Model1 is not a good model for regression.
salary= b + b1work_yrs + b2satis + b3sex +b4frstlang + e
mod2<-lm(salary~work_yrs + satis + sex +frstlang,data = placed)
summary(mod2)
##
## Call:
## lm(formula = salary ~ work_yrs + satis + sex + frstlang, data = placed)
##
## Residuals:
## Min 1Q Median 3Q Max
## -30492 -8055 -1744 5362 80436
##
## Coefficients:
## Estimate Std. Error t value Pr(>|t|)
## (Intercept) 102214.0 11827.8 8.642 1.06e-13 ***
## work_yrs 2409.4 526.1 4.579 1.37e-05 ***
## satis -2244.4 1988.4 -1.129 0.2618
## sexMale 5949.5 3392.2 1.754 0.0826 .
## frstlangOther 14675.7 6274.0 2.339 0.0214 *
## ---
## Signif. codes: 0 '***' 0.001 '**' 0.01 '*' 0.05 '.' 0.1 ' ' 1
##
## Residual standard error: 15580 on 98 degrees of freedom
## Multiple R-squared: 0.2695, Adjusted R-squared: 0.2397
## F-statistic: 9.038 on 4 and 98 DF, p-value: 2.953e-06
There are some independent variables that have p-values less than 0.05 or may be considered significant.
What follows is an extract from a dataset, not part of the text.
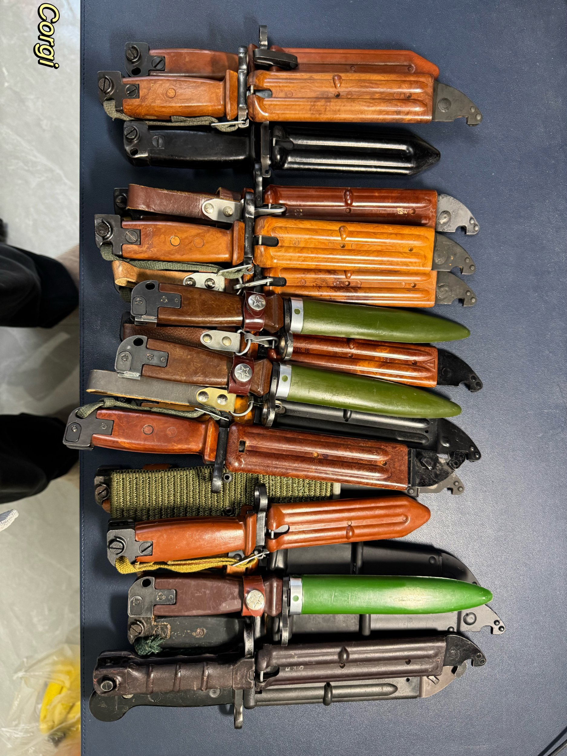 Hello Mr. b, at present, the bayonets in my hand are basically original accessories, and the number matches, I think the original accessories is a cool thingMr. B. wrote: Thu Nov 14, 2024 5:34 pm Congratulations! Very nice collection! I seem to recognize a few of them, old friends! I would recommend displaying them with matching scabbards and correct hangers and straps when possible. They seem naked to me without them. The details make them complete and adds to the challenge and fun of collecting. Sometimes the accessories are more difficult to find than the bayonets. Just my humble opinion. Mike

To clarify this a look at the coefficients would be good
mod2$coefficients
## (Intercept) work_yrs satis sexMale frstlangOther
## 102213.950 2409.391 -2244.425 5949.464 14675.672
Visualising the coefficients
coefplot(mod2)
# Conclusion
1. Its clear that work years and first language creates a significant difference in the salary of the graduates. 2. With every 1 year increase in work years, salary increases by Rs. 2409. 3. Language has a relative greater impact on salary as compared to sex, GMAT scores, age and satisfaction levels with the course. 4. Model3 suits the regression better.